Clients and servers can negotiate the best format to exchange data.

  • The client sends preferences via Accept (e.g., application/json vs application/xml), Accept-Language (e.g., en vs es), and Accept-Encoding (e.g., gzip).
  • The server responds with the appropriate format.
  • Compression: By negotiating an encoding like gzip, a server can drastically compress text responses (e.g., shrinking a 26MB JSON payload down to 3.8MB) to save massive amounts of network bandwidth.

10. Handling Large Data Transfers

  • Large Client Uploads (Images/Video): Standard JSON is terrible for binary data. Instead, clients use a multipart/form-data request.
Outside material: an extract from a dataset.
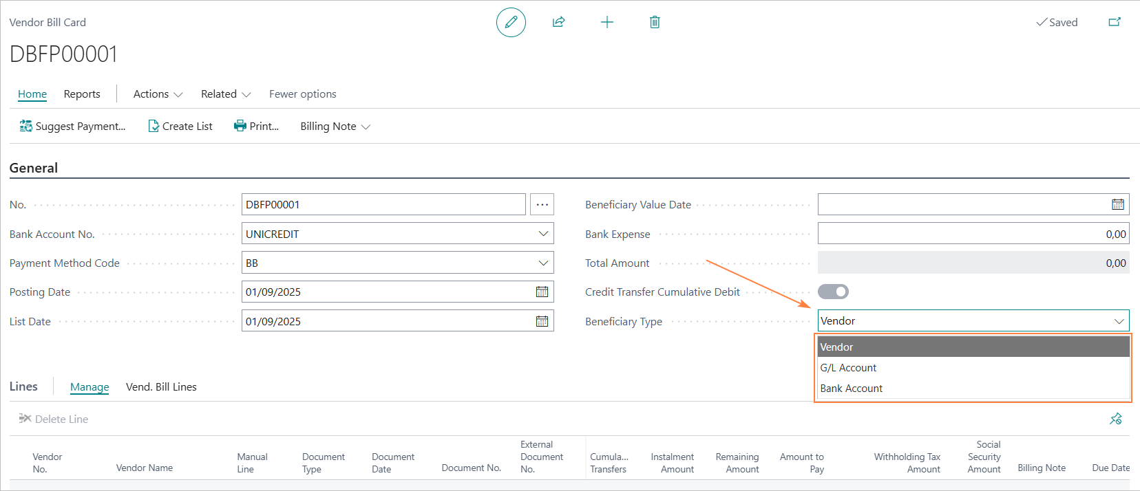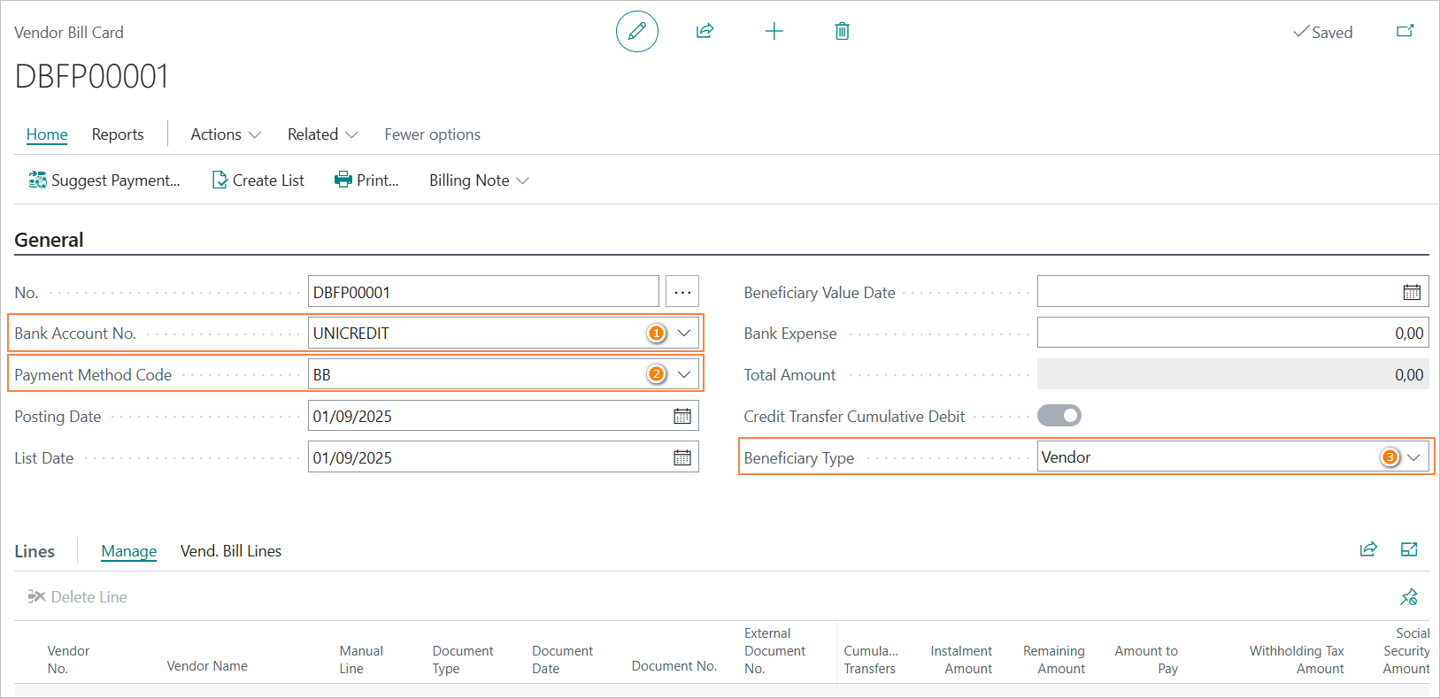 As with SEPA transfers to vendors, it is possible to define how the bank should report the payments of the bill list on the periodic statement.

This breaks the file into chunks separated by a unique string delimiter defined in the boundary header.
  • Large Server Downloads: To prevent timing out, the server streams the file in chunks using Content-Type: text/event-stream and Connection: keep-alive. The browser continually appends these chunks until the transfer finishes.

11. Security (SSL/TLS & HTTPS)

  • TLS (Transport Layer Security): The modern, secure replacement for the outdated SSL protocol.
  • It encrypts data in transit to prevent interception (eavesdropping) or tampering, utilizing certificates to verify the server's identity.
  • HTTPS: Simply the standard HTTP protocol wrapped inside a secure TLS connection.